I didn’t grow up around healthy marriages. It seemed like every marriage was just a first step toward divorce. Because of this I didn’t want to get married. But then I met Addison.
Our courtship belonged in a fairytale. It was a whirlwind experience, full of romance, salvation, and self-discovery.
And, truth be told, this whirlwind experience made me believe that our lives, which included our marriage, would naturally travel toward the “happily ever after” that magically exists somewhere over the rainbow.
But then life happened. Expectations were challenged. Dreams put on hold.
To escape from my new, uncomfortable world of being young, newly married, and pregnant, I binge-watched shows that offered an alternate reality—shows that made relationships and life look struggle free.
I wanted to hide from reality because I was confused by God’s process. Where was His goodness in my pain and disorientation?
What I didn’t realize was that God was preparing me to find true intimacy and joy—the kind that He created me to know. But He first had to create a bit of chaos because my expectations were all wrong . . . and they were pointed in the wrong direction: me.
Everything in my life was about my comfort, my fulfillment, my needs—but God was moving me toward a season of profound sacrifice. The kind you either dive into or die in.
Through this disorientation I started to see things differently. I began to let God give me new expectations for my life. Expectations that pointed me toward the growth, wholeness, and intimacy that He desired for my marriage and family.

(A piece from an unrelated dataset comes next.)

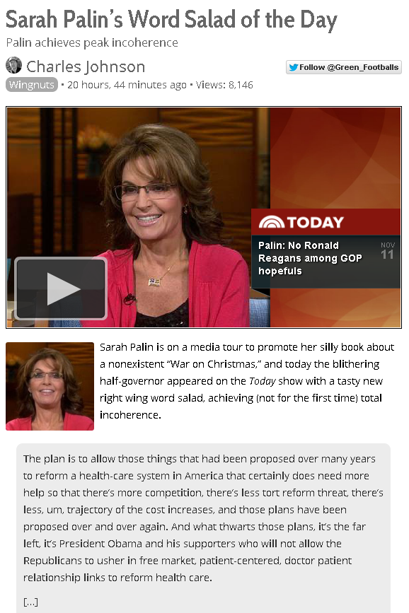 .. and today the blithering half-governor appeared on the Today show with a tasty new right wing word salad, achieving (not for the first time) total incoherence.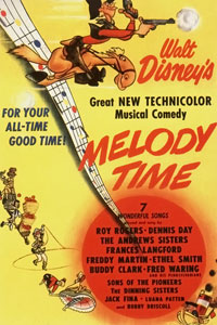 During WWII, many of Disney’s animators were drafted, and eventually the studio itself was commandeered for the war effort, making it difficult to work on big features. Walt had snippets of various things that had been in different stages of production when the war broke out, so he decided to put them to together a la Fantasia to keep things afloat. He did a total of six “package” films. The first two, Saludo Amigos and The Three Cabelleros, Brandie talked about last week; so this week we’re going to talk about the next three: Make Mine Music, Fun and Fancy Free, and Melody Time.

And I can tell you now, after almost 11 years of marriage, that the fairytale marriage is possible—but it looks very different. It’s larger than anything I could’ve imagined, and it has required me to give things I didn’t even know I had.
My hope is that I can share some perspective that I wish I would’ve had as a newlywed. Some wisdom (am I old enough to use that word?) that could help you align your expectations with God’s plan for your life. That way when God’s ways start messing with yours, you’ll find peace in the process.